One thing that needs to be kept in mind here is that these guidelines were written in the context of "guidelines" for human authors, where bad/confusing corner cases could be avoided by selectively not following the guidelines where necessary. Options to implement rules that follow these guidelines will still need to be evaluated on a lot of code to see what corner cases come up.

jberdine avatar Nov 15 '18 09:11 jberdine

Another thing to bear in mind is that these guidelines are not set in stone. If there is some corner case that greatly simplifies ocamlformat (or just a genuine departure from them due to an evolution of the language), then we can submit recommended changes upstream to ocaml.org.

avsm avatar Nov 20 '18 10:11 avsm

Agreed.

Also, there are cases where formatting code in a particular way is very onerous and tedious to do manually, but can still be more clearly legible / informative of how the parser interprets the code. One of the benefits of an auto-formatter is the ability to depart from guidelines for manual formatting in such cases.
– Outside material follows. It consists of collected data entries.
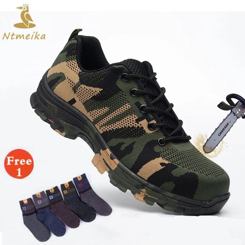 Plus Size 35-46 Men Safety Shoes Steel Toe Steel Insole Casual Military Boots Men Summer Breathable Puncture-proof Work Shoes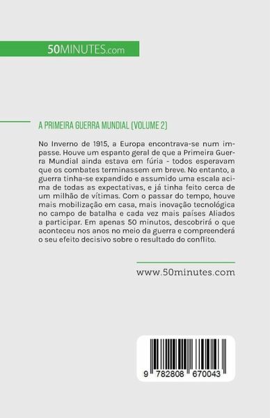 No Inverno de 1915, a Europa encontrava-se num impasse. Houve um espanto geral de que a Primeira Guerra Mundial ainda estava em fúria - todos esperavam que os combates terminassem em breve. No entanto, a guerra tinha-se expandido e assumido uma escala acima de todas as expectativas, e já tinha feito cerca de um milhão de vítimas. Com o passar do tempo, houve mais mobilização em casa, mais inovação tecnológica no campo de batalha e cada vez mais países Aliados a participar. Em apenas 50 minutos, descobrirá o que aconteceu nos anos no meio da guerra e compreenderá o seu efeito decisivo sobre o resultado do conflito. Este livro simples e informativo proporciona uma discussão aprofundada dos momentos chave nos anos intercalares da guerra, incluindo o impasse que foi alcançado, o tratado de paz da Rússia com a Alemanha (o Tratado de Brest-Litovsk) e a entrada dos Estados Unidos na guerra. Inclui também uma panorâmica completa da situação entre 1915 e 1917, a procura de um avanço e o ponto de viragem de 1917, dando-lhe toda a informação essencial sobre este período crucial da Primeira Guerra Mundial.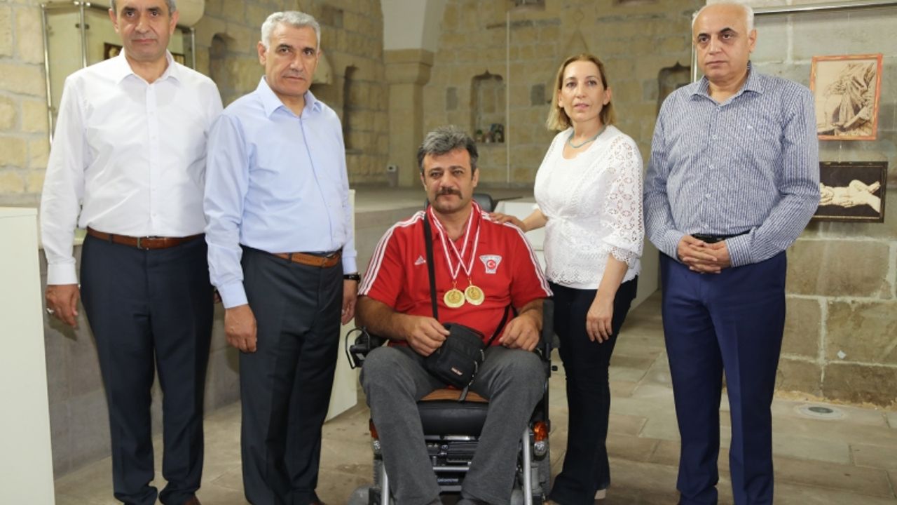 Battalgazi Belediye Başkanı Osman Güder, 15 Temmuz Engelliler Atletizm Şampiyonası’nda gülle ve disk atma alanında Türkiye birincisi olan Fatih Batı’yı tebrik etti.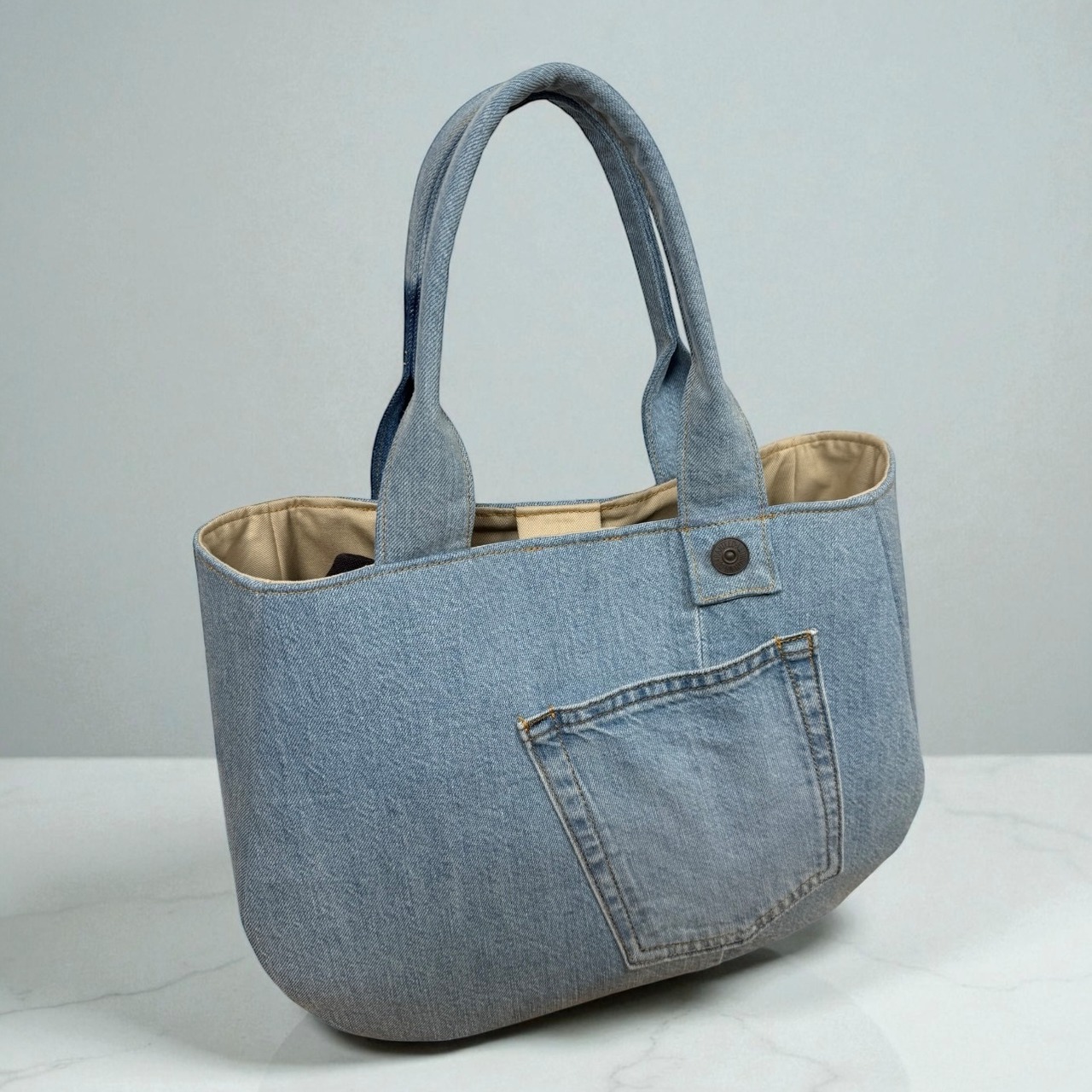 トートバッグ、かばん、オールシーズン、かわいい、デニム、大人っぽい、おしゃれ、リメイク、オリジナル、1点物、プレゼント、新生活、旅行バッグ、デニムトート、デニムトートバッグ、サブバッグ、ミニバッグ、ギフト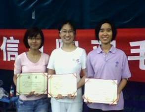 下午1点,所有比赛都已结束,本次比赛共产生了四个项目的八个奖项, 他们是:男单冠军,李茳淼;男单亚军,罗穗骞;男单季军,李成涛;男双冠军,罗穗骞和蒲浩森;女单冠军,刘妍君;女单亚军,朱倩如;女单季军,刘佳倩;团体冠军:计科90班级。比赛过程中的执法裁判有杨鑫,于雪璐,赵铄曜,李孚等。在此对获奖的选手和团队表示热烈的祝贺,对承办班00班和参与比赛组织的所有同学和老师以及拉拉队员表示衷心的感谢。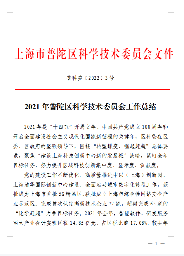 党的建设工作不断优化。高质量推进中以(上海)创新园、上海清华国际创新中心建设。全面启动城市数字化转型工作,获批成为上海市首批5G精品区。获批成立上海市综合性网络安全产业示范区。完成首次认定高新技术企业77家,超额完成65家的“比学赶超”力争目标任务。2021年全年,智能软件、研发服务两大产业合计实现区税14.85亿元,占区税比重17.08%,较去年同期提高4.24个百分点,超额完成占比合计提升两个百分点目标任务;招商引进新企业281家,完成区税9454.3万元,完成比例147.72%。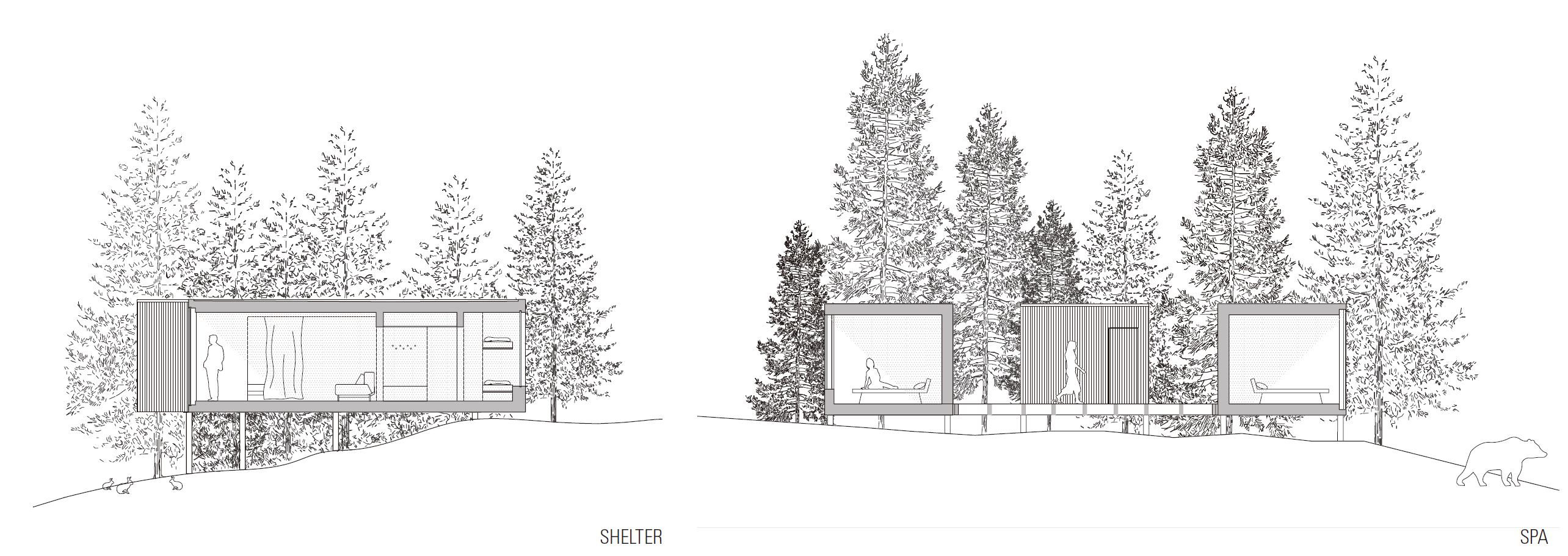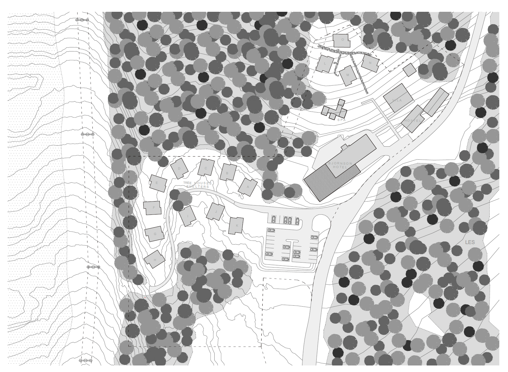 호텔 비욘슨은 숲속 작은 휴양용 주거 단지다. 메인 호텔 건물 주변 지역에 한 방향을 향하는 두 개의 오두막이었다. 우리는 나무들 사이에 단순히 공간을 배치하는 개념보다는 더 나아간 보존의 의미를 따져본다. 나무를 보존시키는 행위에서 생태적인 것이 아니라 클래식한 콘크리트 판을 대지에 놓는 것부터 이러한 공간들이 기둥에서 자라는 것까지 땅과 최소한으로 접촉된다는 점에서 생태적이라고 할 수 있다. 이는 박스 형태의 공간 아래, 놓여있는 작은 생활공간을 만들고, 공간들 아래로 계속해서 흐르고 변화하는 풍경과 함께 숨 쉬도록 만든다.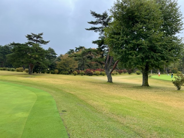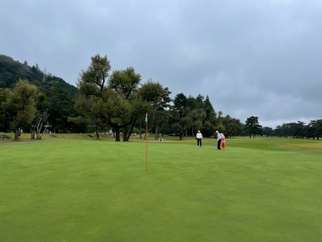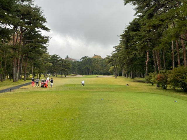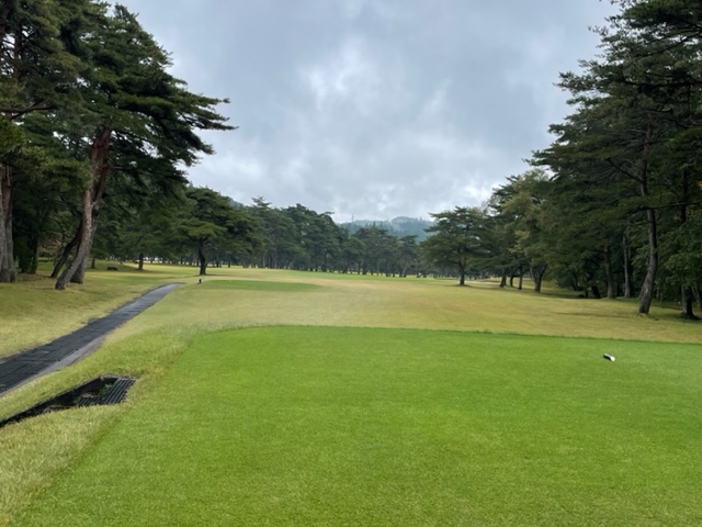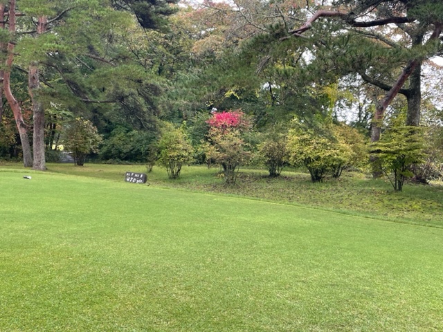 今日は青ティで進行します。アウトから。今日は松本理事長とご一緒します。で、キャディのAさんはあの雨天時の研修キャディだったAさんです。「前田さん、あの時は本当にありがとうございました!今でも辞めないで頑張ってます(笑)」との言葉をもらいました。

jberdine avatar Nov 20 '18 11:11 jberdine

Could we get examples and counter-examples for each bullet point? Please note that I landed here from https://discuss.ocaml.org/t/ocamlformat-and-the-ocaml-org-coding-guidelines/2922 and I'm only here to get a quick glance.

For example, in the List section:

do:
  [1; 2; 3]
don't:
  [ 1; 2; 3 ]
  [1;2;3]

So if there's a weird formatting rule, it will stand out. Thanks!

mjambon avatar Nov 20 '18 17:11 mjambon